Posted by: Whit | September 03, 2008 at 05:51 PM
Love this. Never been a runner, never will be. But I like reading about other people running. :)
Posted by: Beth | September 03, 2008 at 06:51 PM
Wow - I'm so impressed you walked onto that college track team! AND eventually ran a marathon! Incredible.
Oh and I love the white crepe myrtle as confetti -- great writing!
Posted by: phd in yogurtry | September 03, 2008 at 08:50 PM
My track experience was so similar to this one, I didn't finish last, but I didn't finish first either. I called it quits after my first night, not because I couldn't do it, and I know I'm good enough, I just didn't like the people, don't care for the competition, and getting home at ten at night was also dumb, I didn't live for school.
Posted by: Claudious | September 03, 2008 at 09:36 PM
Good for you.. a bit older, a bit wiser and a bit less inclined to wear hot pink undies to the track. You'll do great. :)
Posted by: HIlary | September 03, 2008 at 10:00 PM
Once again, our early lives are eerily similar, right down to Dark Shadows and Victoria Holt.

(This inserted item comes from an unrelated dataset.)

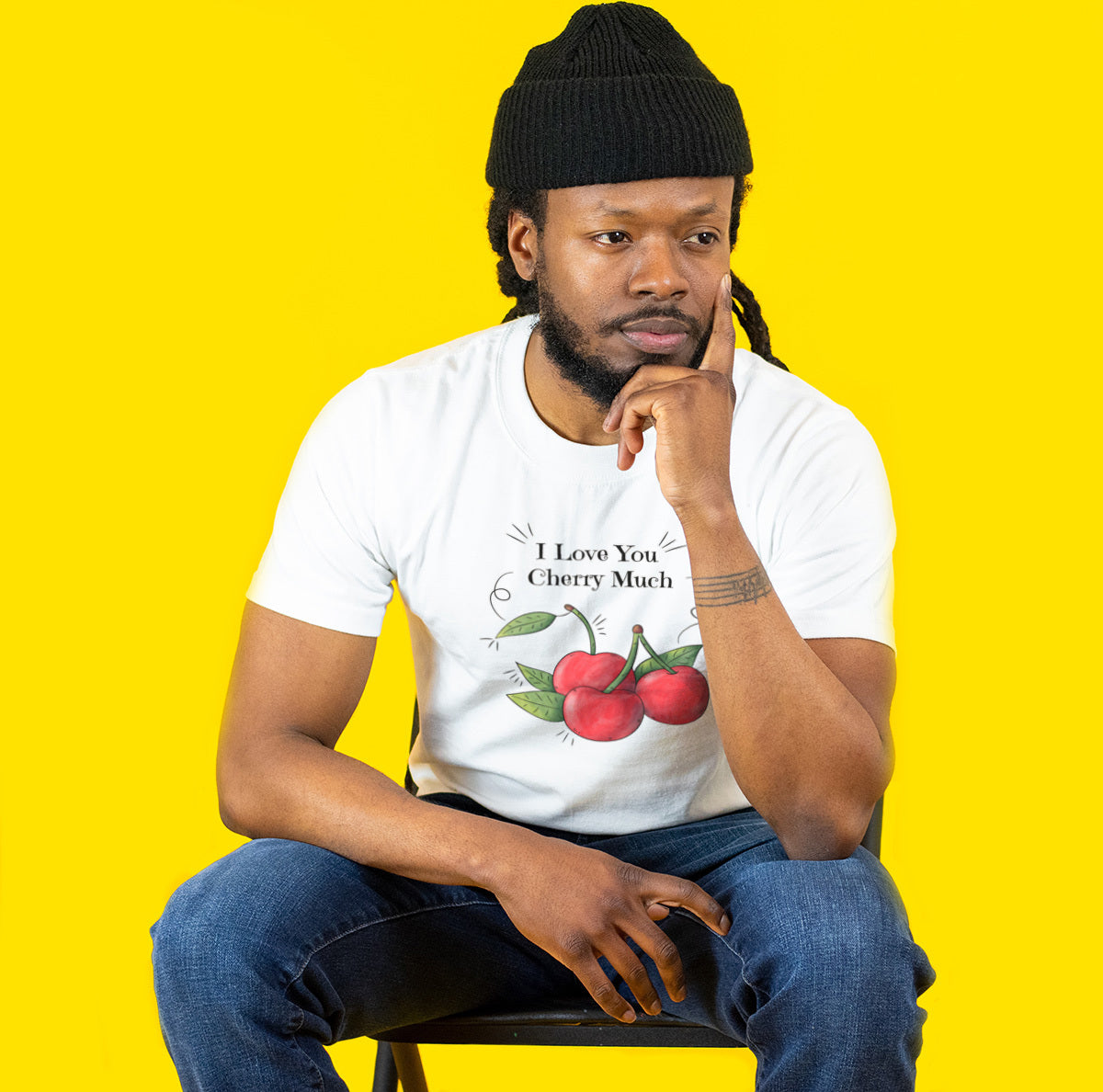 This adorable tee blends fruity charm with punny romance! Featuring three watercolour-style cherries with bright leaves and a cheeky declaration of love, it’s perfect for spreading smiles, sweetness, and those flirty vibes.

I never joined the track team though. (I don't run, although I made a few half-hearted attempts in my early 20s as a way to keep fit.) Spazz is a perfect description of my high school self (although it might still apply in certain instances). People got the greatest joy out of seeing me fall over. And it didn't take much, but during PE games of dodge ball and the like were particular favorites of everyone but me. I did play softball well out of college for a couple of work teams, and I took up rock climbing at age 34. Now THERE"s a sport I could get into. Hike up to the rock, put on a rope, climb up, rappel down. No running.
Posted by: Janet | September 04, 2008 at 07:15 AM
I ran track and road raced thorugh high school, then was a casual runner into my late 20s.
Then my back demanded that I stop running. I walk about four miles three times a week now. I hike when I can. I love being out in the woods but I miss running with every fiber of my being. Miss it. Miss it. Miss it.